Dealers that deliver the superior digital experience demanded by customers are, in our view, most likely to see their securities outperform.

Would anyone be disappointed if car salespeople became a relic of the past? Unlike Willy Loman, the protagonist of Arthur Miller’s 1949 play Death of a Salesman, few sympathize with the dealership smooth talkers who will do anything to “get you into this car today.” And increasingly, customers are seeking out and finding ways to avoid them all together.

Enter digitally native platforms, such as Carvana and Vroom. In 2013, Carvana introduced a revolutionary online buying platform for used cars, allowing customers to browse inventory, pay a no-haggle price and take delivery of a vehicle, all without stepping foot on a lot or speaking with a salesman.
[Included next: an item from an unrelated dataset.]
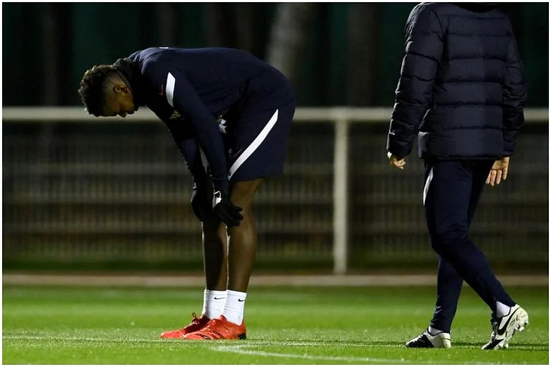 Video footage on French media showed the Manchester United midfielder pull up after taking a shot in training on Monday, before hobbling away.

In the eight years since, growth has been explosive and the company has expanded its offering to nearly every corner of the United States. In the 12 months ended June 30, the company sold 337,000 used cars to retail customers, making it the second largest used car dealer group in the country (behind much longer-tenured CarMax at 886,000 units). The rapid growth (including more than 96% unit growth in its most recent quarter) has been handsomely rewarded by the capital markets via the company’s approximately $60 billion valuation, despite still limited profitability.
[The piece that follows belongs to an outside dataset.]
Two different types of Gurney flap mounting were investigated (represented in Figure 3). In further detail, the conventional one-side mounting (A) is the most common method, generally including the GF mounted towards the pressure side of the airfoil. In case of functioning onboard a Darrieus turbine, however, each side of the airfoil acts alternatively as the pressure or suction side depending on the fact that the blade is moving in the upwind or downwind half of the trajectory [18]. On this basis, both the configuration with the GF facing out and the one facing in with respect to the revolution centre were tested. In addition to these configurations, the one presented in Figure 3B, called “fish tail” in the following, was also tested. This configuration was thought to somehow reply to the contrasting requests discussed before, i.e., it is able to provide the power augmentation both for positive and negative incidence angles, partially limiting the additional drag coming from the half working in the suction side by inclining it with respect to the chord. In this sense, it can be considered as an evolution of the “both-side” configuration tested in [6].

However, such platforms still represent less than 1% of all automotive retail, an incredibly fragmented market, with an estimated 40 million used units sold per year on top of more than 17 million new units.

What are the 43,000 physical car dealerships in the U.S. to do in response?

Dealership groups that have been most rewarded by the equity and credit markets (in the form of higher valuation multiples and lower credit spreads) have been those with the clearest plans to create their own fully online buying experience for at least some percentage of their anticipated sales. While car sales at physical dealerships are still likely to represent the vast majority of industry revenue for the foreseeable future, launching such platforms allows dealer groups to pursue more aggressive growth targets, guide toward significantly higher future profitability and ultimately achieve premium electric vehicle multiples. And, across similar dealer groups, even those with similar credit metrics and ratings, bonds with the tightest spreads are generally issued by dealer groups with the most well-articulated digital strategy.

While the ultimate death of the car salesman is a long way off—traditional dealer groups with sufficient scale and well-developed ancillary offerings (e.g., finance, parts and service) will remain relevant for years to come—the most successful credit investments are likely to be in those companies with the resources to pursue the best digital and “salesperson-free” experience, which customers are increasingly demanding.